She had thought of compromises: just her breasts, or her bottom coyly reflected in a mirror. It hadn’t crossed her mind to say ‘get lost’. Then, she explained, he’d tell his friends she was a prude. That, to her, was far worse than the First XI seeing her in the nuddy.

It made me glad to have been at school in the age of the Nokia, when the best a boy could hope for — and most weren’t bold enough to ask — was a tiny pixelated photo, which with good eyesight and an active imagination might just look like a naked torso.

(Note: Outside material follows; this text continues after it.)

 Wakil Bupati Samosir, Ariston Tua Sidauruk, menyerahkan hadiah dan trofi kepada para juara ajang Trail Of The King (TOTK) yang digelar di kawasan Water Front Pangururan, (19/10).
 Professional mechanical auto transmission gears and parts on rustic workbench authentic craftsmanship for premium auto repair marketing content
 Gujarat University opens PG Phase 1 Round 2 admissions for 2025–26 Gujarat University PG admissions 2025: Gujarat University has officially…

I don’t know what my pal’s sister decided. I gave her the full treatment: ‘Just say no’, ‘your body, your rules’ and ‘love means never having to send a “belfie”[a bottom selfie]’. I said the only way to stop naked pictures being leaked, hacked and pinned to the common-room noticeboard was not to take them in the first place.

And what’s so bad about being a prude, anyway? Let’s reclaim ‘prude’. Turn it from a male insult to an empowering hashtag: #JeSuisPrude. We should be proud to be prudes. To say: no, thank you, I’d rather not.

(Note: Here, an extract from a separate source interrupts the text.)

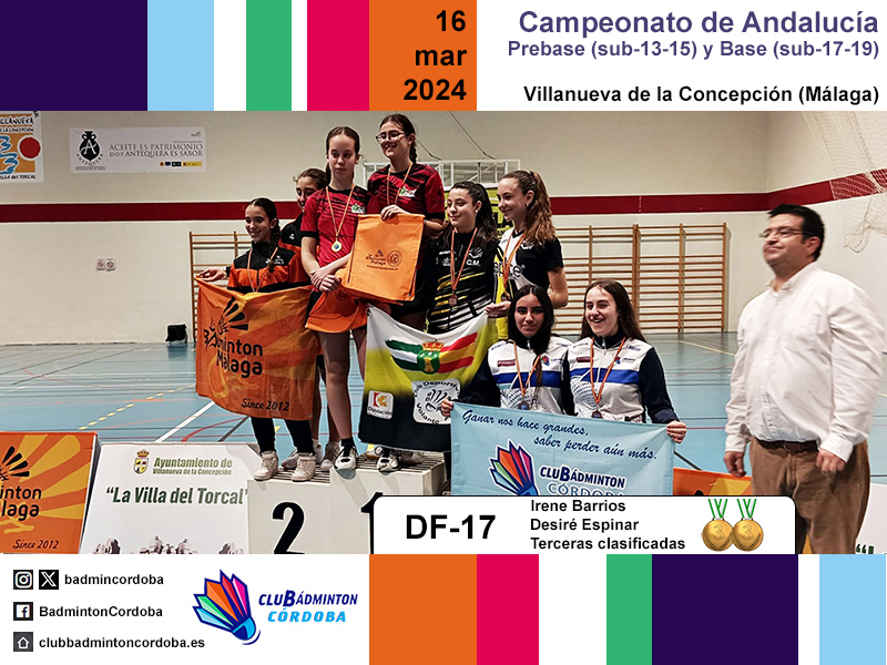 Irene Barrios y Desiré Espinar no fallaron a su cita con el podio. Lograron ganar en un intenso partido de cuartos de final a María Hinojosa y Margarita Jiménez (CD Volante Rute) a tres sets por 21-19, 15-21 y 21-19, pero perdieron en semifinales ante Jara Barrientos y Paula Pizarro (CB La Encina), por 21-12 y 21-14.

I’m weary of having to be ‘OK’ about everything. Yeah, I’m cool with pole-dancing classes at the gym. Yeah, I’m cool with Kim Kardashian’s Brazilian wax. Yeah, I’m cool with an open relationship. Yeah, I’m cool with the picturesque, candle-lit rape scenes in Sunday night TV dramas. Yeah, I’m cool with stag-do trips to strip clubs: ‘Off you go, darling, have a lovely time.’

But I’m not cool with any of it. Nor are most of my girlfriends, all of us in our late twenties. We came of age in the naughty Noughties with sexting and YouPorn and Tinder, and we’re supposed to be super--liberal and up for anything. Some go along with it, repressing the inner prude that says: I really don’t want to do that. Then: regret, repentance, wounded pride.

I’ve seen friends abject after a break-up, not only facing the where-did-it-all-go-wrong? conversation, but also the one about whether he wouldn’t mind deleting that video and those photographs from his hard drive. Mortifying. At university fancy-dress parties the options were Sexy Witch (Halloween), Sexy Santa Girl (Christmas), Sexy Easter Bunny (Easter) and Sexy Nurse, Sexy Schoolgirl, Sexy Pop Starlet on all other occasions. You might say this was just end-of-term, Ann Summers-esque high spirits. But there is a trickle-up effect from lingerie shop to management consultancy. All female Apprentice candidates dress in Sexy Boardroom style: tight dress, clacky heels, lipgloss.

We were supposed to be the Hot Feminist generation. Our role models were Beyoncé singing ‘Single Ladies’ in a leotard and heels, and Taylor Swift celebrating female solidarity in teeny-tiny hot pants. I look forward to seeing what Millicent Fawcett wears for her new statue in Parliament Square.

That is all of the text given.